Style guides establish patterns for alt text writing. Length expectations. Keyword usage guidance. Tone considerations. Each piece supports consistent quality across different content creators.
Quality reviews include alt text checks alongside other content review. The systematic approach prevents alt text from being overlooked.
Training helps content creators write better alt text. Many people do not naturally know what makes alt text effective. Brief training produces meaningful quality improvements.
What This Means for Your Site
If your site has images without alt text or with weak alt text, several specific actions help.
Audit your current alt text using tools that scan for missing alt text and review existing alt text quality.
Develop guidelines for what good alt text looks like on your site. Train content creators on the guidelines.
Add alt text to images that lack it. Update weak alt text where you find it.
Build alt text into ongoing content creation workflows so new images consistently get appropriate alt text.

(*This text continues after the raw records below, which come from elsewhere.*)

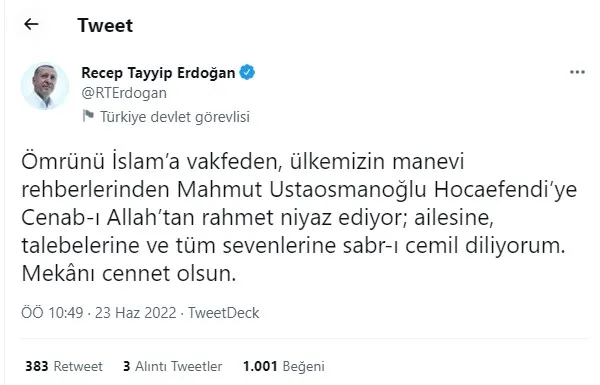 Mahmut Ustaosmanoğlu'nun cenazesi, 24 Haziran Cuma günü öğle namazına müteakip Fatih Camisi'nde düzenlenecek cenaze töreninin ardından toprağa verilecek.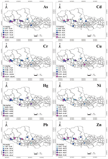 - Li, Z.; Liu, J.; Chen, H.; Li, Q.; Yu, C.; Huang, X.; Guo, H. Water environment in the Tibetan Plateau: Heavy metal distribution analysis of surface sediments in the Yarlung Tsangpo River Basin. Environ. Geochem. Health 2020, 42, 2451–2469. [Google Scholar] [CrossRef]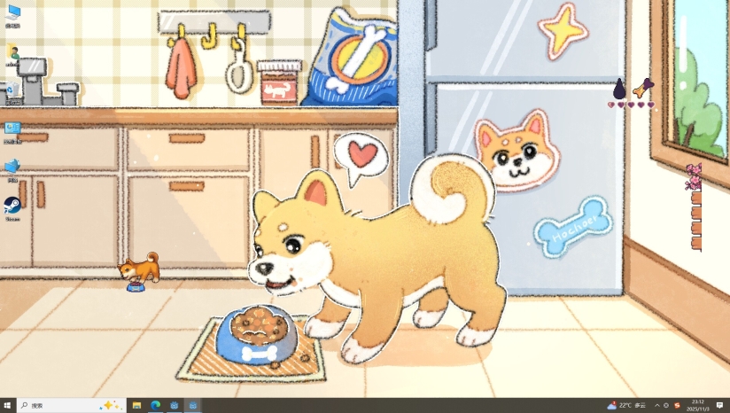 《我的桌面小狗》(My Desktop Puppy)是Friday Game开发制作的一款结合宠物养成、互动陪伴与轻量娱乐的桌宠游戏,让你的屏幕从此不再孤单,未来将上线steam平台。一只会悄悄陪伴你的桌面小狗。你工作时它安静待在一角,你想放松时它会主动来互动,还会轻轻蹭你撒娇。带它去散步、送它喜欢的玩具和小背带,看它因为你的关注露出开心的样子。全界面可拖动、支持桌面穿透,不会影响你的操作。积累好感度,获得来自不同画师的精美的绘图与壁纸!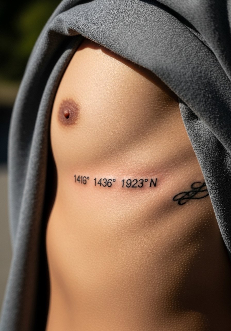 Coordinates are discreet and deeply personal—great for friends who share a place that matters. Ribcage is a higher-pain area and can take longer to heal due to movement and clothing friction. Keep sessions shorter and plan for proper aftercare; expect tenderness when breathing for a few days. For longevity, pick a clean, slightly bold numeric font so digits remain legible after skin settling. Ask to see healed ribcage numbers from the artist first.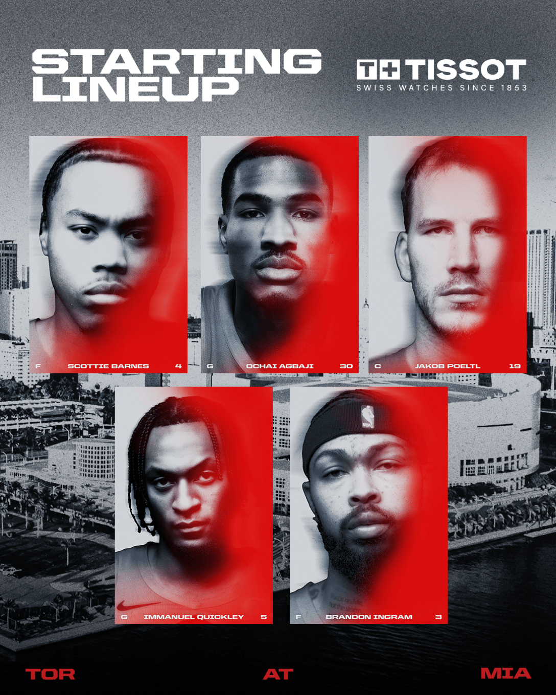 猛龍首發(fā):巴恩斯、姆奎阿巴基、克利英格拉姆、流言龍首奎克利、板猛珀?duì)柼貭?/p>來源:X

For business owners, alt text represents one of the most accessible accessibility and SEO improvements available. The work is small per image. The cumulative impact across all your content can be substantial.
Bringing It Together
Alt text serves multiple purposes that all matter. Accessibility for users with visual impairments. SEO signals for search engines. Fallback for broken images. Context for shared content. Compliance with accessibility standards. Each makes alt text important.

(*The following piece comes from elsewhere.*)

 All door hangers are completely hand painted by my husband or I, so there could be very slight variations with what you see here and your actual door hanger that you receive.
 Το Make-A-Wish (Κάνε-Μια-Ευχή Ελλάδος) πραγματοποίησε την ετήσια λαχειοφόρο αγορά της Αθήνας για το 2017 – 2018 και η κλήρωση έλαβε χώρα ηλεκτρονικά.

For business owners, the practical move is to treat alt text as essential content rather than optional decoration. Build alt text writing into content workflows. Apply consistent quality standards. Audit existing alt text and improve where needed.
The sites that handle alt text well serve users better while supporting SEO across all their visual content. Match your approach to this discipline, and your images contribute to your overall site performance rather than being missed opportunities. Take alt text seriously, and your business benefits from improvements that compound across every image on your site while serving users who depend on the text for accessing your content.